7/3/18 7/3/18

A Different Use of Time Series to Identify Seasonal Customers

I had previously written about creatively leveraging your data using segmentation to learn about a customer base. The article is here. In the article I mentioned utilizing any data that might be relevant. Trying to identify customers with seasonal usage patterns was one of the variables that I mentioned that sounded interesting. And since I'm getting ready to do another cluster analysis, I decided to tackle this question.

These are my favorite types of data science problems because they require you to think a little outside the box to design a solution. Basically, I wanted to be able to tag each customer as whether or not they exhibited a seasonal pattern, this would be a first step. Later I may further build this out to determine the beginning of each customer's "off-season." This will allow us to nurture these customer relationships better, and provide a more personalized experience.

I'm a data scientist at Constant Contact, which provide email marketing solutions to small businesses. Since it is a subscription product, customers have different usage patterns that I'm able to use for this analysis.

At first, my assumption was that a good portion of these customers might be living in an area that has four seasons. You know, the ice cream shop in New England that shuts down for the winter. After thinking about it some more, if I'm looking for seasonal usage patterns, this is also going to include people with seasonal business patterns that aren't necessarily driven by the weather. People who have accounts in the education field taking summers off are going to be picked up as seasonal. Businesses in retail who have pretty consistent usage all year, but pick up their engagement at Christmas are also exhibiting a seasonal pattern. So the people who the model would determine were seasonal were not based solely on the weather, but could also be by the type of business. (Or maybe there are people that are fortunate enough to take random long vacations for no reason in the middle of the year, I want to make sure I find those people too, if they exist).

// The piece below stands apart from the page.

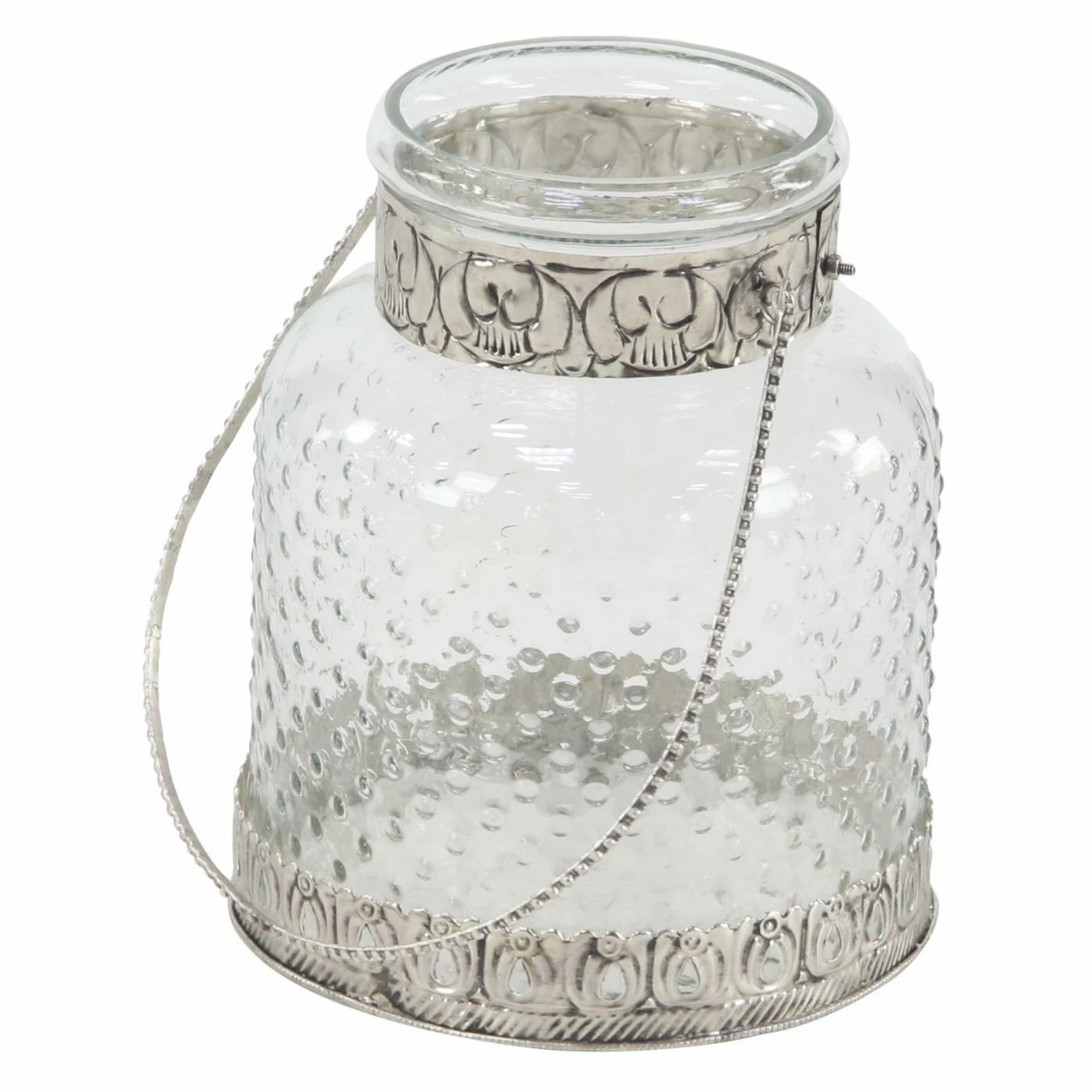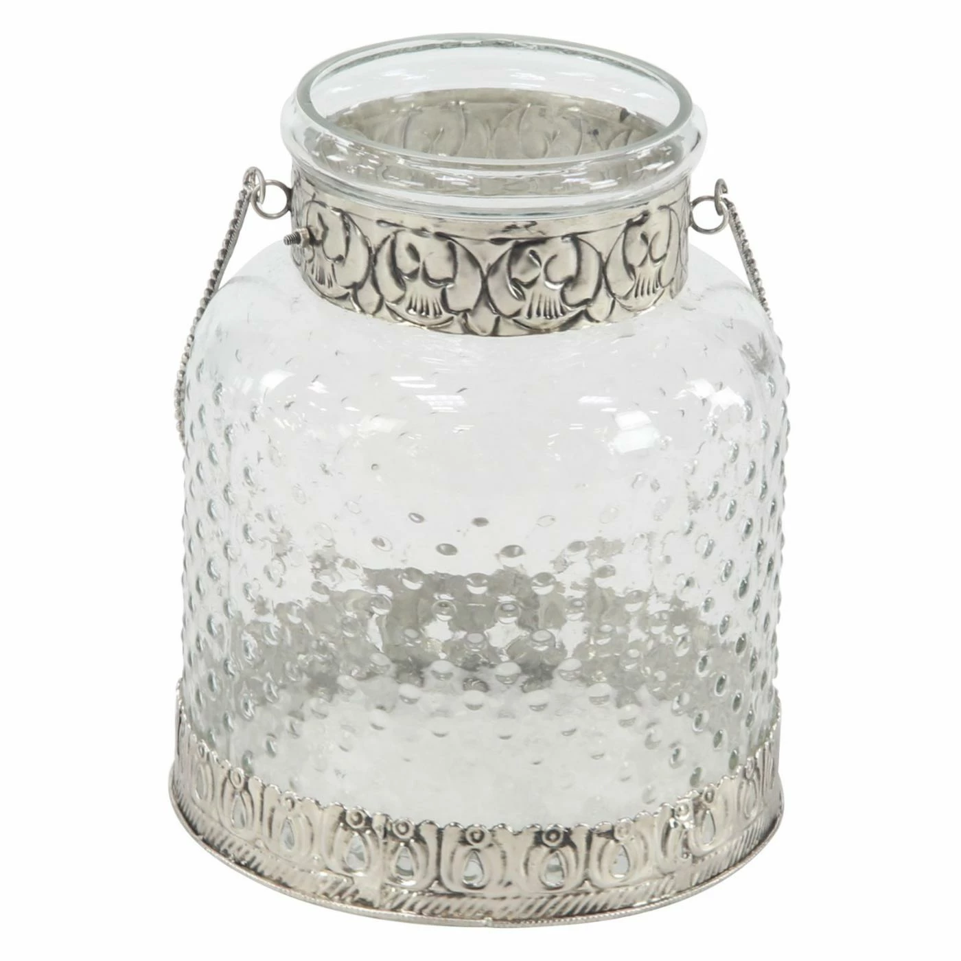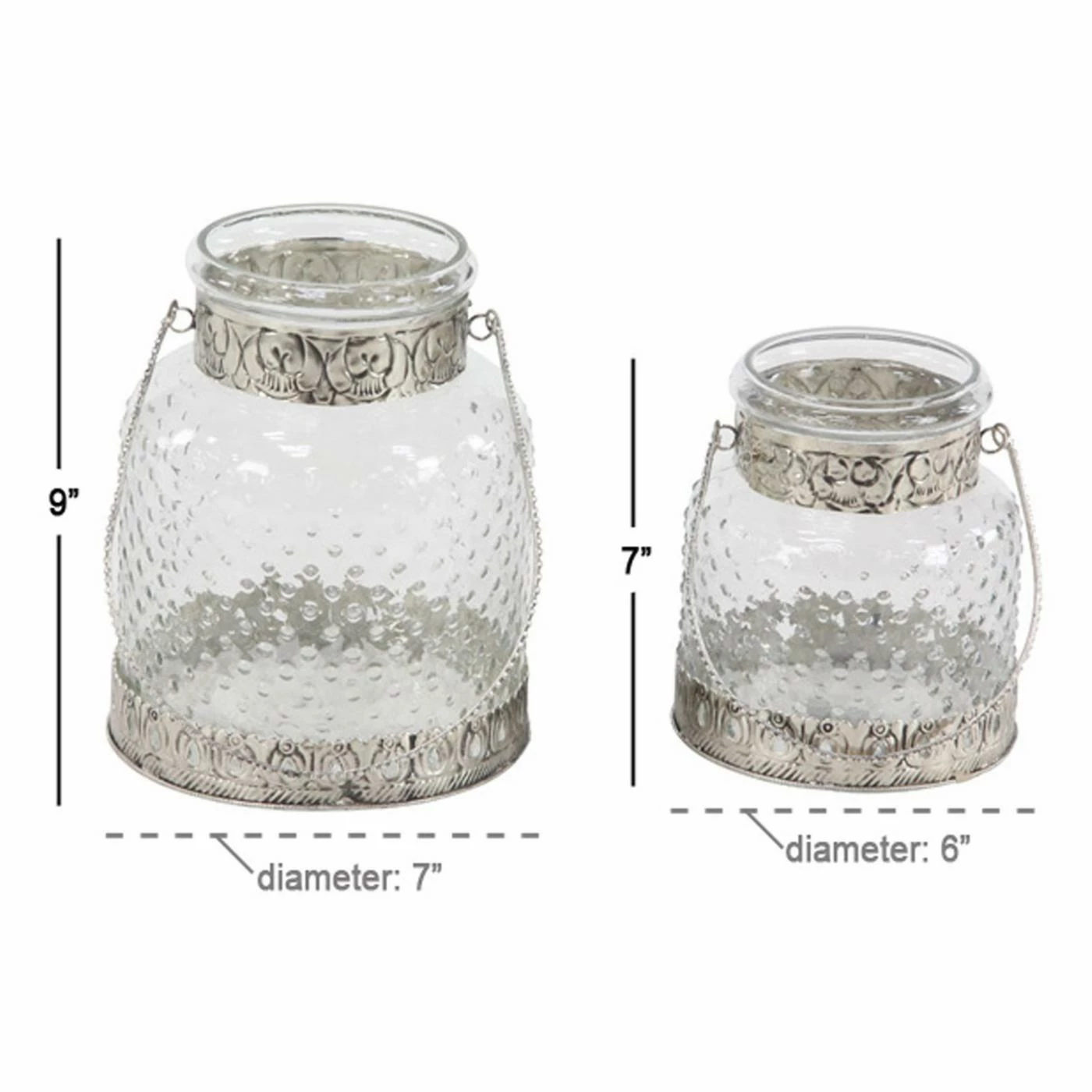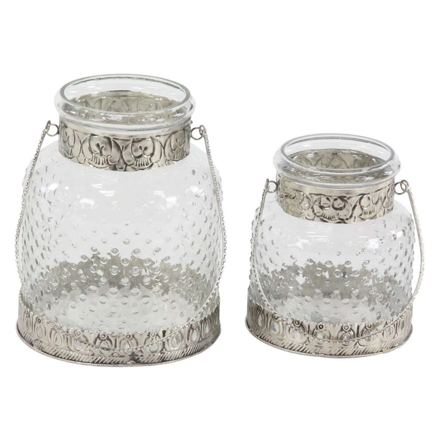 Adorned with delicate metal accents, the DecMode Clear Glass Jar Candle Holders with Iron Handles – Set Of 2 adds a touch of rustic charm to any space. The glass body is decorated with a lightly textured effect, with a clear finish to allow the light to shine through. This set of two candle holders is best suited to house votive style candles.

To do this analysis, I aggregated the email sending patterns of each customer with at least 2 years by customer, by month. Each customer is it's own time series. However, there were a couple complexities. One detail in particular is worth noting, customers might take a month or two (or more) off from usage. So first I had to write some code to fill in zeros for those months. I couldn't be specifying that I was looking for a yearly pattern, but only giving 8 months worth of data per year in the model, I needed those zeros. I found these missing zeros using Python, and then decided I wanted to use R for the time series/determining if a seasonal pattern was present portion. I got to use the rpy2 package in Python for the first time. Check that off the list of new packages I've wanted to try.

I fit a TBATS model for each customer in R. This is probably overkill, because TBATS was meant to deal with very complex (and potentially multiple) seasonal patterns. However, it was really simple to ask the model if it had a yearly seasonal component. Bonus, TBATS is more robust to stationarity than other methods.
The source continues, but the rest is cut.